◆ SUPPLIED MATERIAL:
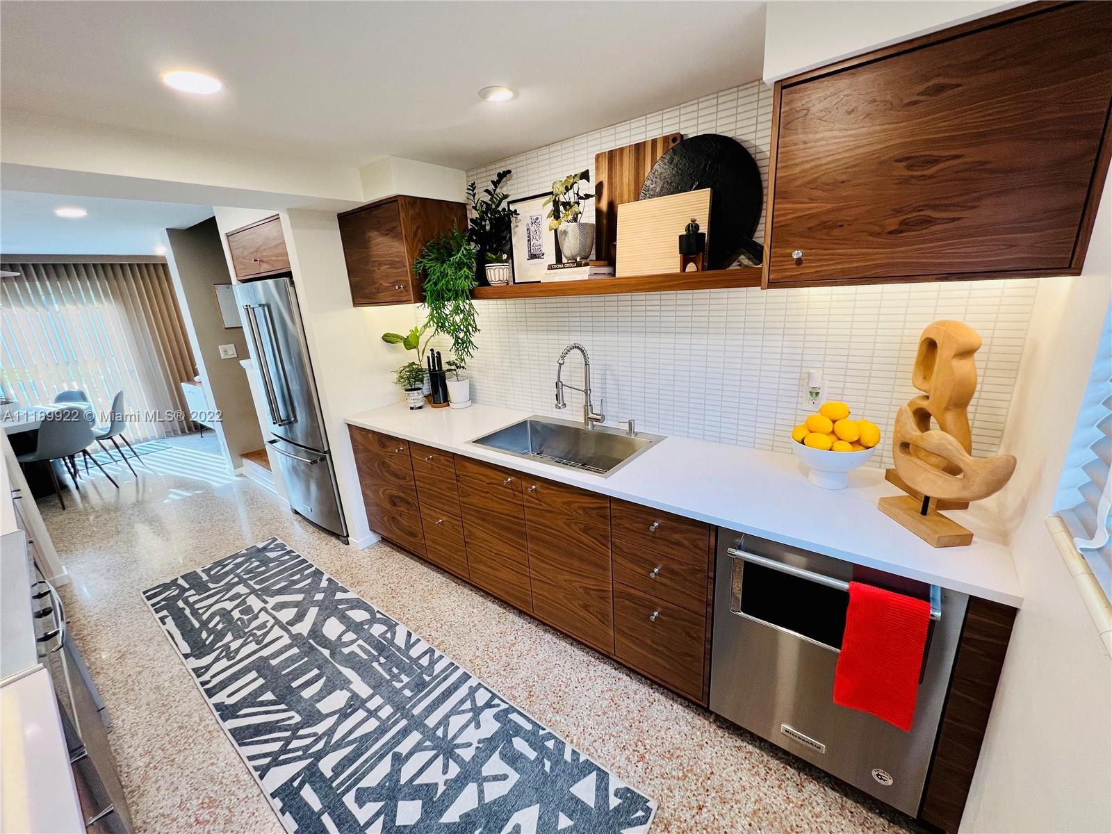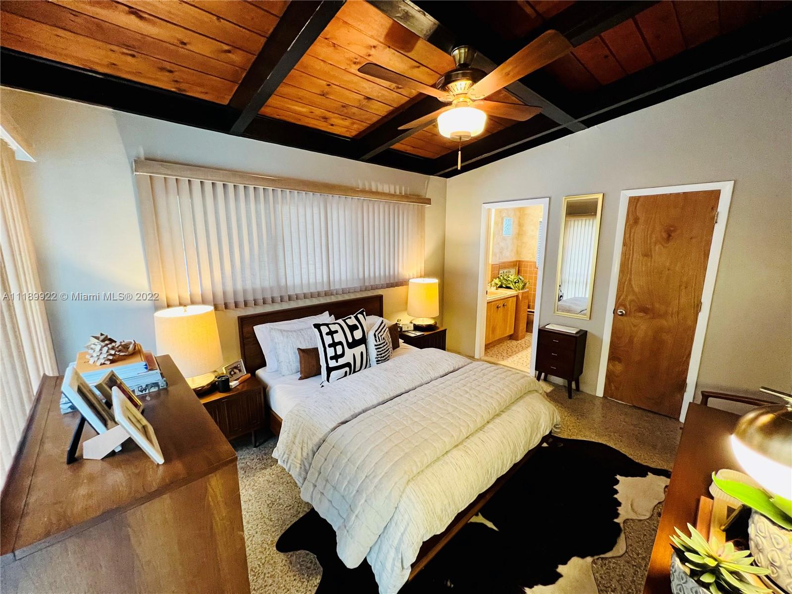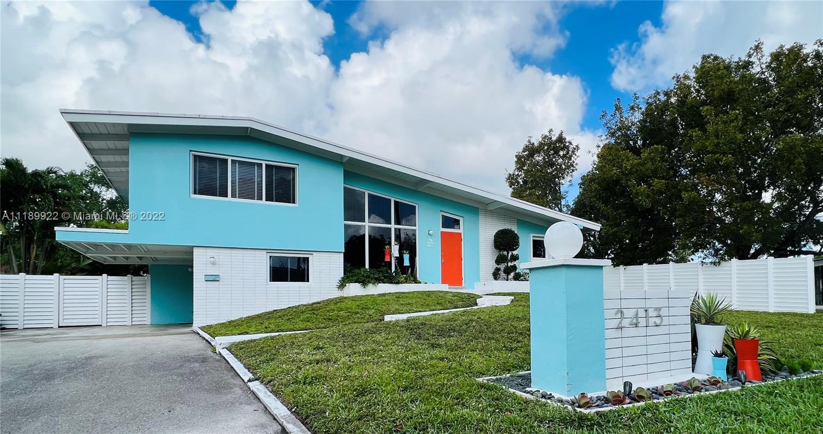 Restored 3/2 mid-century tri-level home, located in sought after neighborhood of Lauderdale Isles. The original character of the home was kept in tact while updating it for use today. Home features open beam-vaulted ceilings throughout, restored terrazzo floors, updated and restored original bathrooms, new dual zone AC/splits, new water heater, updated electrical panel, impact windows, new PVC fence, and integrated alarm system. Great for entertaining, home features a large and open great room with dry bar and mini fridge and a large, newly remodeled kitchen w/ quartz countertops and stainless appliances. Completely fenced in yard with 2 mango trees and located right by the Riverland boat ramp. Features underground electrical, cable, and fiber. A must see home, text for appointment today.
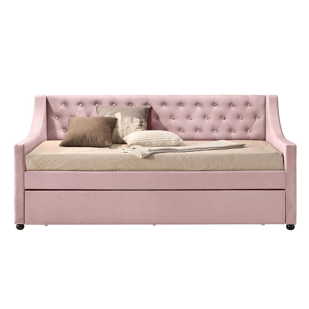 The fully upholstered daybed embodies a classic aesthetic infused with rich textures. Wooden frame is graced with gentle curves and elegant details while button-tufted velvet upholstery makes you indulge in a luxurious comfort. An additional trundle underneath the daybed offers extra sleeping option for overnight guest. Beautiful, comfortable and space-saving, the Lianna Daybed is one of the most versatile pieces you don't want to miss.
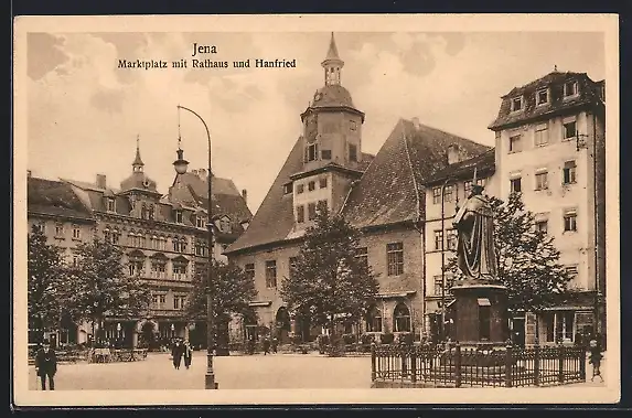 AK Jena, Marktplatz mit Rathaus und Hanfried

◆ PROBLEM REQUIREMENTS:
Could the listing above be printed again in full, with every picture omitted?

◆ PROBLEM SOLUTION:
 Restored 3/2 mid-century tri-level home, located in sought after neighborhood of Lauderdale Isles. The original character of the home was kept in tact while updating it for use today. Home features open beam-vaulted ceilings throughout, restored terrazzo floors, updated and restored original bathrooms, new dual zone AC/splits, new water heater, updated electrical panel, impact windows, new PVC fence, and integrated alarm system. Great for entertaining, home features a large and open great room with dry bar and mini fridge and a large, newly remodeled kitchen w/ quartz countertops and stainless appliances. Completely fenced in yard with 2 mango trees and located right by the Riverland boat ramp. Features underground electrical, cable, and fiber. A must see home, text for appointment today.
 The fully upholstered daybed embodies a classic aesthetic infused with rich textures. Wooden frame is graced with gentle curves and elegant details while button-tufted velvet upholstery makes you indulge in a luxurious comfort. An additional trundle underneath the daybed offers extra sleeping option for overnight guest. Beautiful, comfortable and space-saving, the Lianna Daybed is one of the most versatile pieces you don't want to miss.
 AK Jena, Marktplatz mit Rathaus und Hanfried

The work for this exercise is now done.